Vafhudr, I wonder if the whistling thing had any connection to one belief I encountered out in the country in both Canada and Northern North America, that whistling at night will call spirits. You find it in the north of England too. In the Snowies it will attract one of the dangerous landspirits. Wonder if there is any connection to the custom of not whistling on ships unless you actively want to call up a wind?

I know that according to one belief a Finnish or a Sami witch on board guarantees the ship good sailing weather, as both can control wind by either whistling or scratching the mast of the ship. I'm guessing one would have to know how you're supposed to whistle correctly to have the right effect.

Since monsters were mentioned, how about Ajattara: a Finnish forest-monster that's either a female ghost-like creature or half a snake and half a woman. Like the name suggests (ajattaa = to drive someone in front of you) she loves to chase people. Her goal is to eat you but she thinks the chase is the best part, so she will often spook you into running and then just... keep reminding you you're not safe until you can't run any longer. There's ways to escape her if you can find your way out of the forest before she catches you but it's very difficult because she tries to get you to run off the path and get lost in the forest as the first step. Not running away from her won't do you any good, she'll kill you just the same but will feel very disappointed for not getting to have her fun.

Fauna: whoa that first one! I assume it's hinted that the child was hers? Iceland has similar ghosts - the útburður. Over here getting pregnant out of wedlock was apparently punishable by death at one point in history (if you visit Þingvellir keep an eye on the right side of the path, the drowning pool for executing women is there)(don't throw coins in that one, trust me that nothing in that pond will give you anything you wish for and besides the coins pollute the water) regardless of how the pregnancy had begun, so women would often try to conceal such illegal pregnancies, give birth in secret and leave the child to die. Sometimes these babies turned into vengeful ghosts to seek out their killer and either drive her insane or kill her... and some wouldn't even stop there but would keep on following family members for generations to come until the whole familyline would die out. You can tell an útburður by the fact that when it's crawling it only uses the leg and arm on one side.

Icelandic ghosts aren't spirits, they're zombie-like walking corpses. Some of them are harmless like the brennivín ghost, some harass people for their own amusement, some want revenge, some are generally malicious and will attack anyone who comes across their path, some haunt whole families just like the útburður.

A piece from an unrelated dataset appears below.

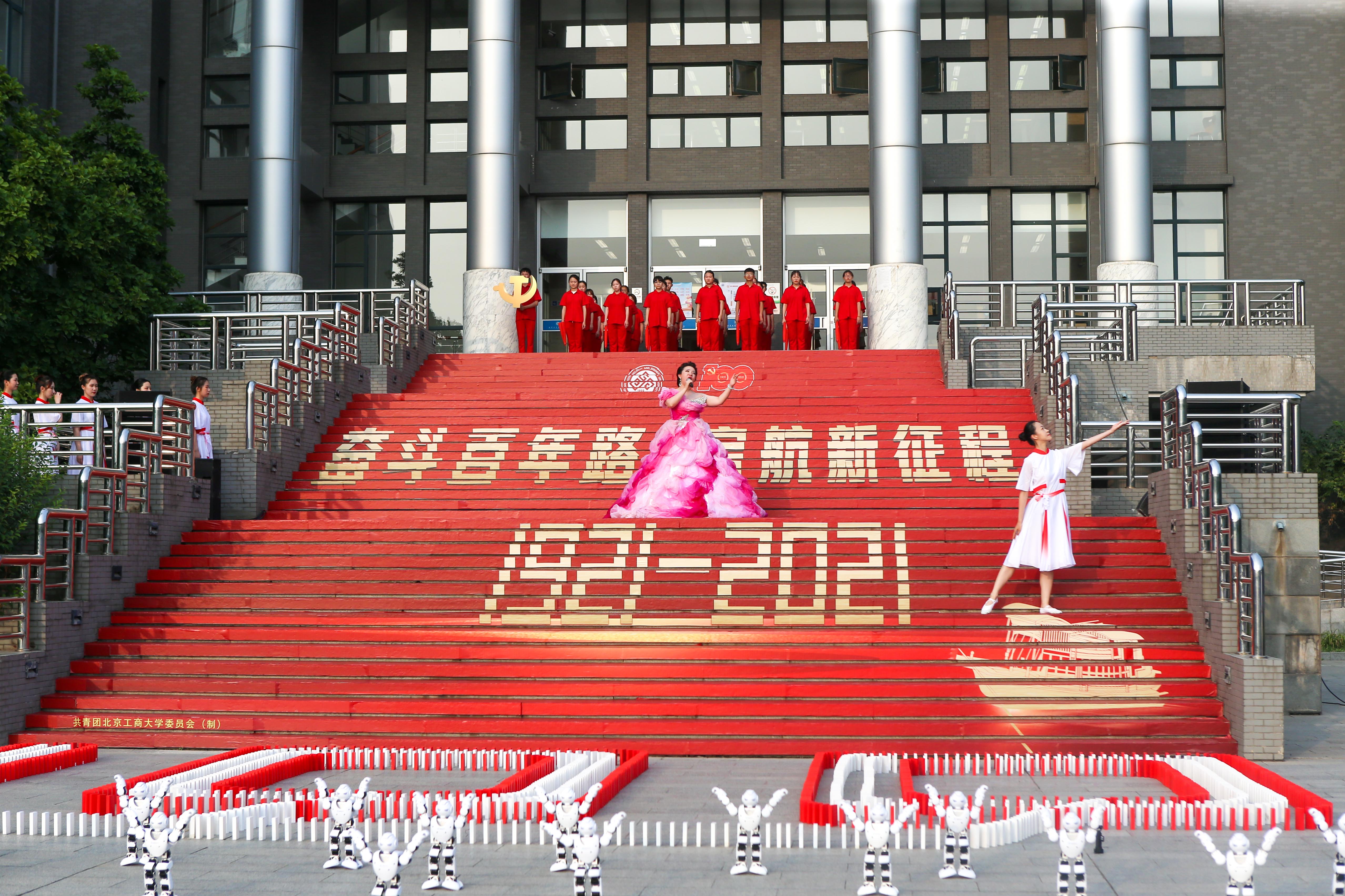 隨著歌聲緩緩落下,黨委副書記李中奇為大家開啟了北工商青年為黨的百年華誕準備的生日禮物,一塊塊的多米諾骨牌被推動起來,如同中國共產黨一步步走過的百年歷程,最終形成了紅白相間的巨大的“100”的畫面,面對黨旗,全場師生用青春的聲音和熱血喊出最響亮的口號:“奮斗百年路!啟航新征程!”

The saddest and creepiest ghosts are the type that are "man-made", meaning that a witch who really hates someone can create such a ghost and send it to haunt their family in the aforementioned manner until the family dies out. To make one he has to either find a corpse that hasn't been blessed or to murder someone, often in a prolonged way that makes the victim realize they're about to die (drowning seems to be a theme), and then capture their soul into the corpse and make it walk again. This ghost will then do the witch's bidding but it always returns once a task is done, and if the witch doesn't immediately give it a new task it will kill him in revenge.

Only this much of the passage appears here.